*** Opening Input for this task ***

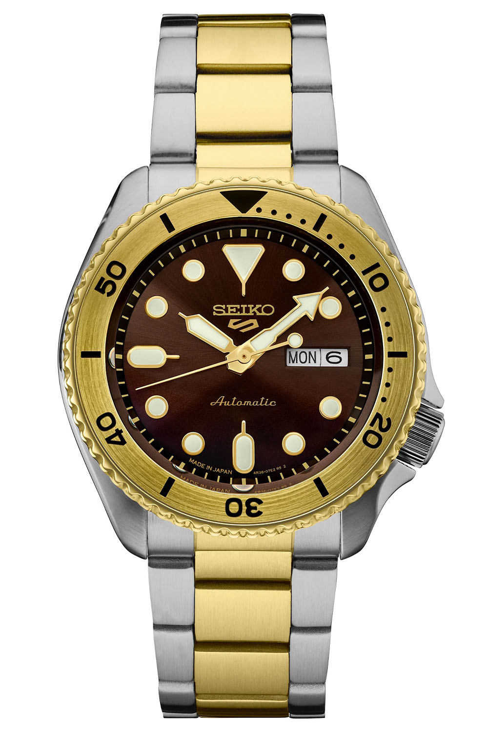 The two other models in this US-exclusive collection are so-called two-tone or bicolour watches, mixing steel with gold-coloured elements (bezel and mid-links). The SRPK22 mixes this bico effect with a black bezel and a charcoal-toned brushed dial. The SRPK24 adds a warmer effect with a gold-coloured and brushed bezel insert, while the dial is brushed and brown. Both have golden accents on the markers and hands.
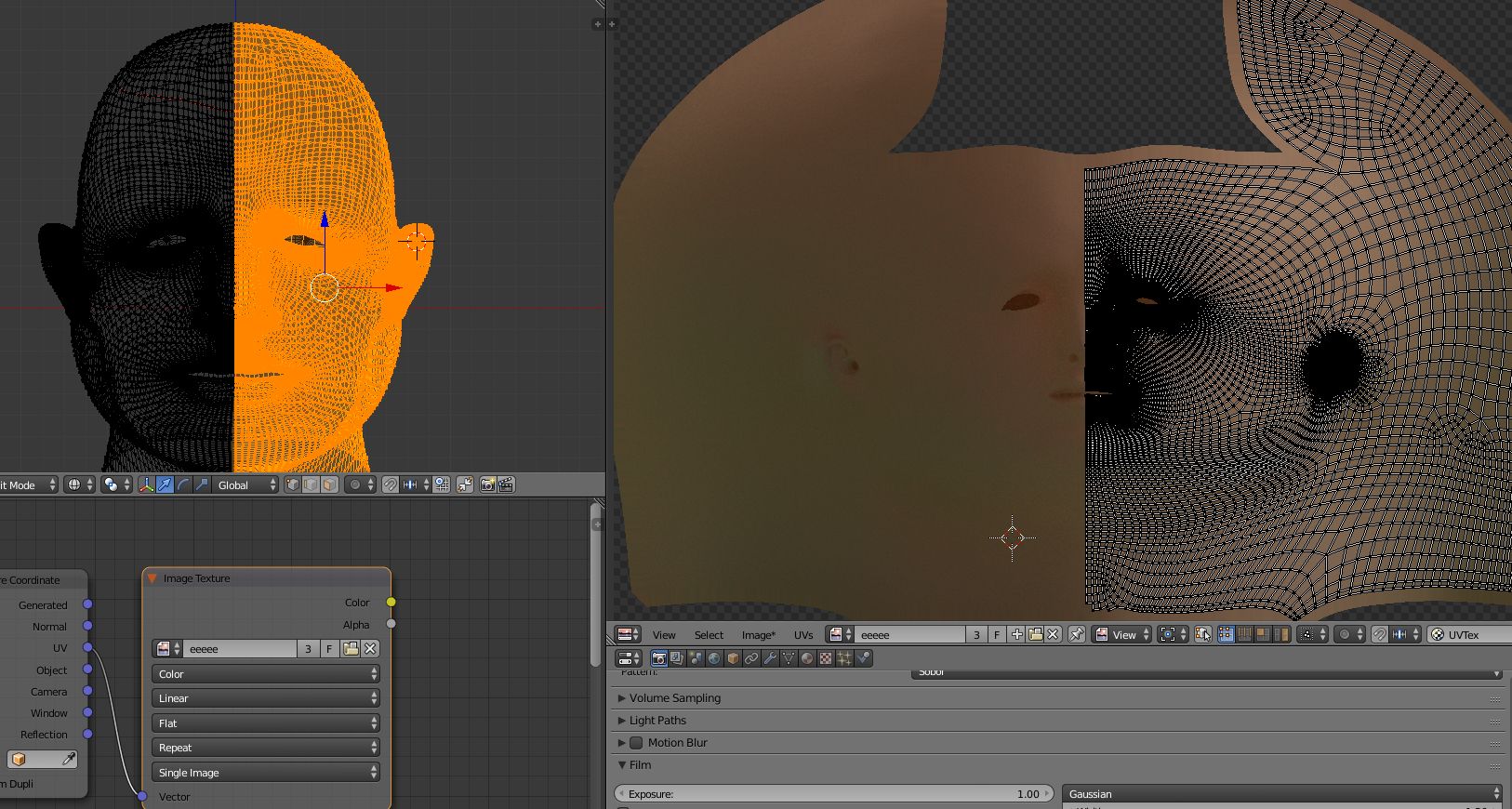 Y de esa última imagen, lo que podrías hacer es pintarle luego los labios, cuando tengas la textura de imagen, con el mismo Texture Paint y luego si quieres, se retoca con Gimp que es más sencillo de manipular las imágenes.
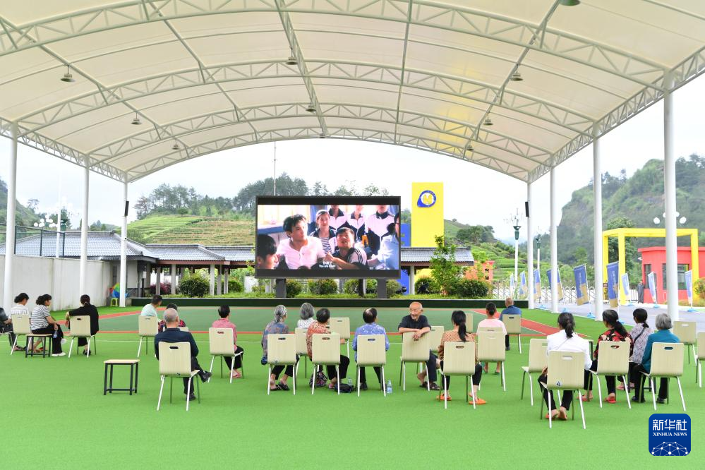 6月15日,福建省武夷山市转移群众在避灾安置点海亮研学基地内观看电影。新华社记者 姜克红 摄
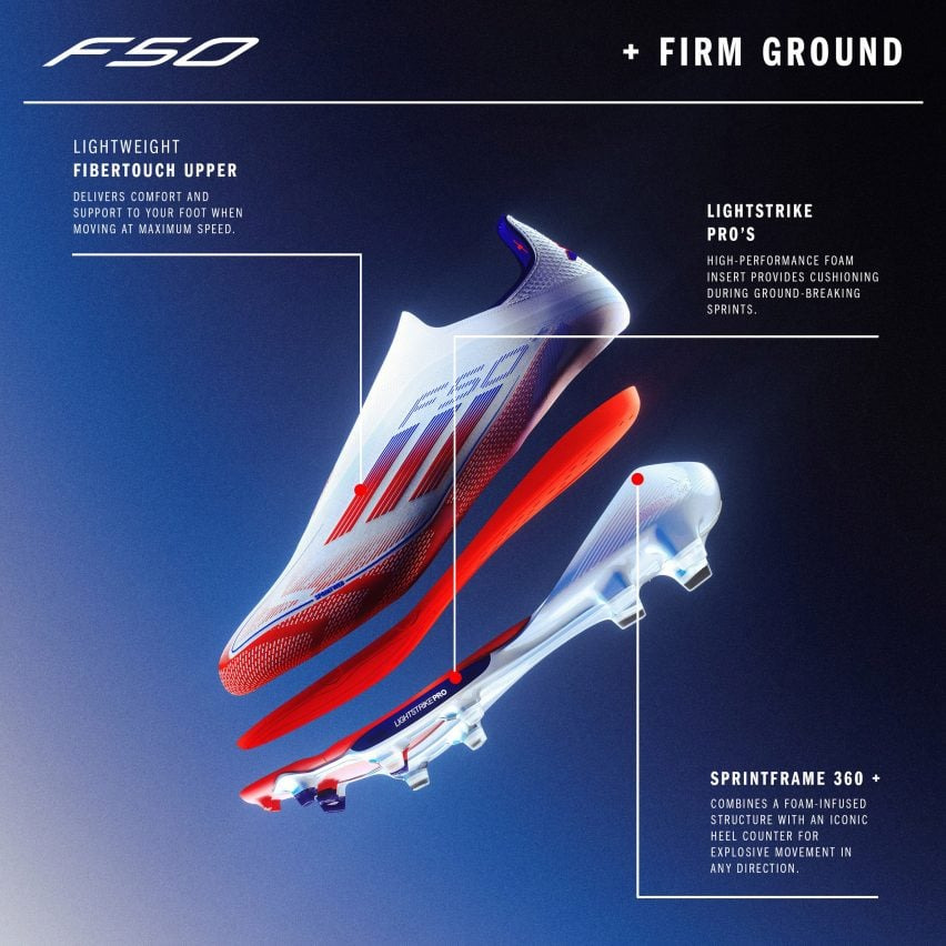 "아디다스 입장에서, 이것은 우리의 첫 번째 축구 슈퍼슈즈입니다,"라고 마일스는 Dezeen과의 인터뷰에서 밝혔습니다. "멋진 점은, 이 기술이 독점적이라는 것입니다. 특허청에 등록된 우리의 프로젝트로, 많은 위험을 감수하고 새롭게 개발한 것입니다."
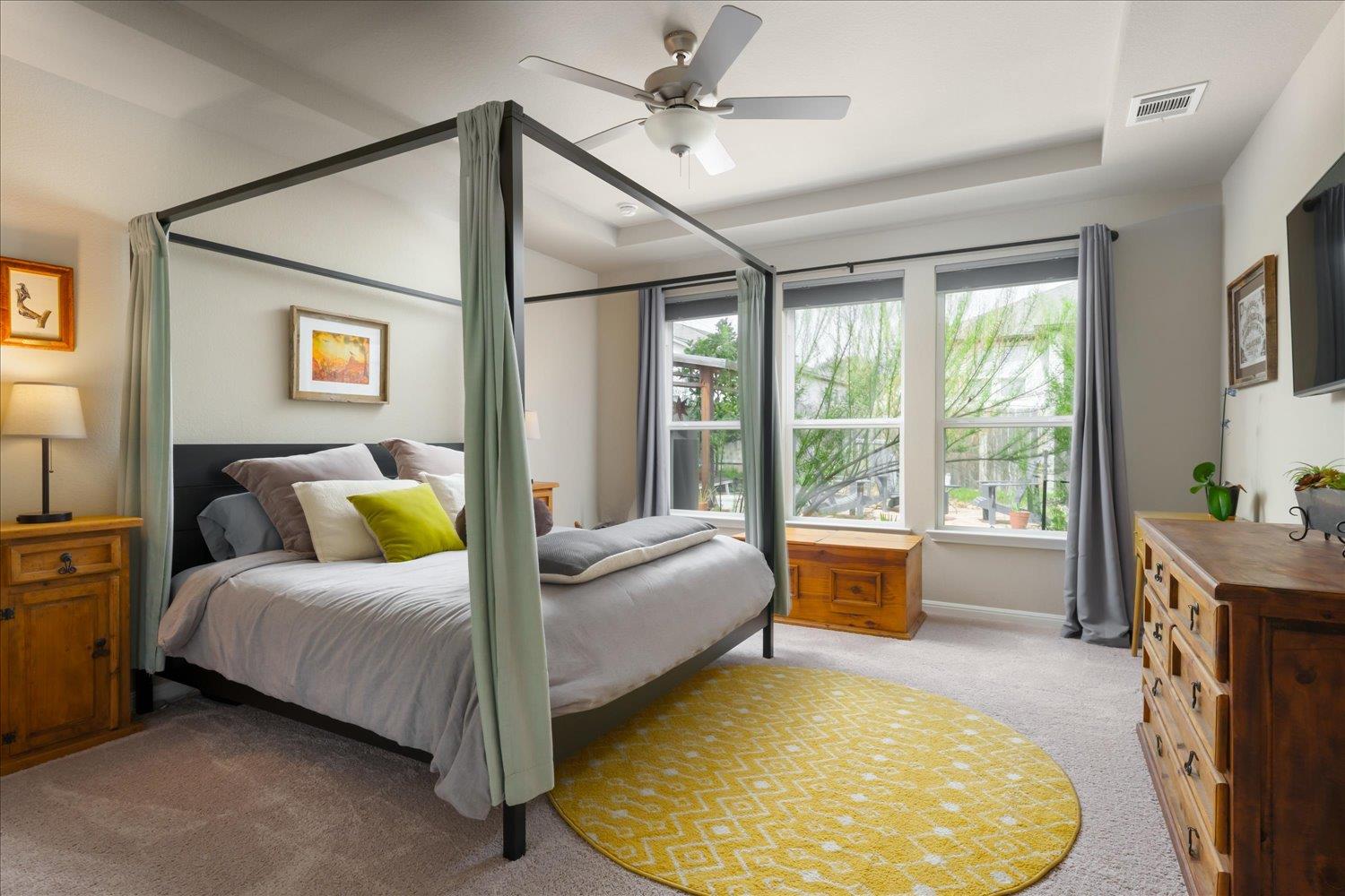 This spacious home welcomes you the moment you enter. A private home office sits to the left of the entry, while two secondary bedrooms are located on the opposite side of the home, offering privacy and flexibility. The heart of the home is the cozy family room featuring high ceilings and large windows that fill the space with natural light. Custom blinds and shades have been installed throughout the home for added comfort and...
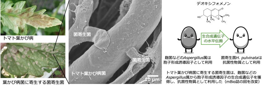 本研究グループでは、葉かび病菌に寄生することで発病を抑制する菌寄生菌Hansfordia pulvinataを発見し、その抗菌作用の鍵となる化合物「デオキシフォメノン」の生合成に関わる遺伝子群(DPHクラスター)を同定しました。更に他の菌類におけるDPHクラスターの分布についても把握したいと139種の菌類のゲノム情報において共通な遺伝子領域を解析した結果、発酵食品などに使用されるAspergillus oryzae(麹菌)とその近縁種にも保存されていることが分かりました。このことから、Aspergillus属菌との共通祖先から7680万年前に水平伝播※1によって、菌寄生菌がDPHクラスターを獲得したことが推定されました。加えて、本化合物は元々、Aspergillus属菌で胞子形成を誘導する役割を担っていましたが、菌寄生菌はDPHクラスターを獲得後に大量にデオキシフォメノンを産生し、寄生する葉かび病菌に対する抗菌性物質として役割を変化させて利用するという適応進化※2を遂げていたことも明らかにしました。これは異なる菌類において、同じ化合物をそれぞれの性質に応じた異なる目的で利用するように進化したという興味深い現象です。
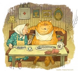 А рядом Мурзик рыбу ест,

*** Closing Input for this task ***

What you have to do.
The pictures stay out; please reproduce everything else in the entries exactly.

Answer to the exercise.
 The two other models in this US-exclusive collection are so-called two-tone or bicolour watches, mixing steel with gold-coloured elements (bezel and mid-links). The SRPK22 mixes this bico effect with a black bezel and a charcoal-toned brushed dial. The SRPK24 adds a warmer effect with a gold-coloured and brushed bezel insert, while the dial is brushed and brown. Both have golden accents on the markers and hands.
 Y de esa última imagen, lo que podrías hacer es pintarle luego los labios, cuando tengas la textura de imagen, con el mismo Texture Paint y luego si quieres, se retoca con Gimp que es más sencillo de manipular las imágenes.
 6月15日,福建省武夷山市转移群众在避灾安置点海亮研学基地内观看电影。新华社记者 姜克红 摄
 "아디다스 입장에서, 이것은 우리의 첫 번째 축구 슈퍼슈즈입니다,"라고 마일스는 Dezeen과의 인터뷰에서 밝혔습니다. "멋진 점은, 이 기술이 독점적이라는 것입니다. 특허청에 등록된 우리의 프로젝트로, 많은 위험을 감수하고 새롭게 개발한 것입니다."
 This spacious home welcomes you the moment you enter. A private home office sits to the left of the entry, while two secondary bedrooms are located on the opposite side of the home, offering privacy and flexibility. The heart of the home is the cozy family room featuring high ceilings and large windows that fill the space with natural light. Custom blinds and shades have been installed throughout the home for added comfort and...
 本研究グループでは、葉かび病菌に寄生することで発病を抑制する菌寄生菌Hansfordia pulvinataを発見し、その抗菌作用の鍵となる化合物「デオキシフォメノン」の生合成に関わる遺伝子群(DPHクラスター)を同定しました。更に他の菌類におけるDPHクラスターの分布についても把握したいと139種の菌類のゲノム情報において共通な遺伝子領域を解析した結果、発酵食品などに使用されるAspergillus oryzae(麹菌)とその近縁種にも保存されていることが分かりました。このことから、Aspergillus属菌との共通祖先から7680万年前に水平伝播※1によって、菌寄生菌がDPHクラスターを獲得したことが推定されました。加えて、本化合物は元々、Aspergillus属菌で胞子形成を誘導する役割を担っていましたが、菌寄生菌はDPHクラスターを獲得後に大量にデオキシフォメノンを産生し、寄生する葉かび病菌に対する抗菌性物質として役割を変化させて利用するという適応進化※2を遂げていたことも明らかにしました。これは異なる菌類において、同じ化合物をそれぞれの性質に応じた異なる目的で利用するように進化したという興味深い現象です。
 А рядом Мурзик рыбу ест,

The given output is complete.